Richard Redgrave, R.A. (1804-1888)

Details
Richard Redgrave, R.A. (1804-1888)

Pathway to the Watch Tower, Roslin Castle

signed and inscribed 'Pathway to the Watch Tower/Roslin Castle/Rich Redgrave RA' on an old label on the reverse; oil on board laid down on panel
25¾ x 20 7/8in. (65.4 x 53cm.)

Lot Essay

Eight miles south of Edinburgh on the river Esk, Roslin (also spelt Roslyn or Rosslyn) has magnificent scenery, with a waterfall, a ruined castle perched at the end of a promontory overlooking the river, and a famous chapel in an ornate late-Gothic style. The picture was apparently never exhibited but dates from the later part of Redgrave's career when he abandoned genre subjects and became 'wholly a landscape painter.' So far as is known, Redgrave only visited Scotland once, in 1853, when he stayed at Alva, near Stirling, with Edward Cardwell, President of the Board of Trade, in connection with his work for the Department of Science and Art (see F.M. Redgrave, Richard Redgrave. A Memoir, 1891, p.93). Presumably he visited Roslin on the way up or down.

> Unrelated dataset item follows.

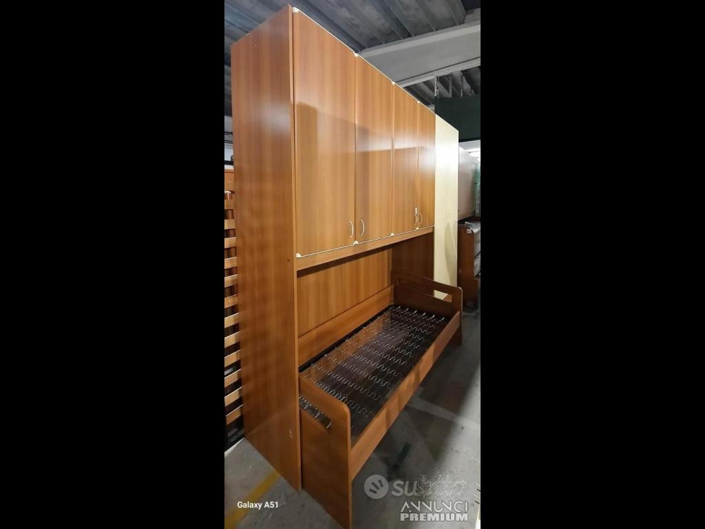 CAMERETTA A PONTE COLORE NOCE E GIALLINO COMPLETO DI LETTO SINGOLO CON RETE (L CM 293 X P CM 60 X H 260)

The picture shows Redgrave working within the tradition of the Romantic Movement, which had found in Roslin a potent symbol of its aspirations. Thomas Hearne based a topographical watercolour on a sketch made during a tour in Scotland with Sir George Beaumont in 1778 (Manchester City Art Gallery). Wordsworth was there with his sister and Sir Walter Scott in 1803, and Scott refers to the chapel and castle in the ballad 'Rosabelle' in the The Lay of the Last Minstrel (1805). David Roberts painted numerous studies of the chapel, two examples - a watercolour of 1830 and an oil exhibited at the RA in 1843 - being in the V&A. The building also made a great impact on the young John Ruskin, so much so that in old age he gave the title 'Roslyn Chapel' to a chapter in his autobiography, Praeterita.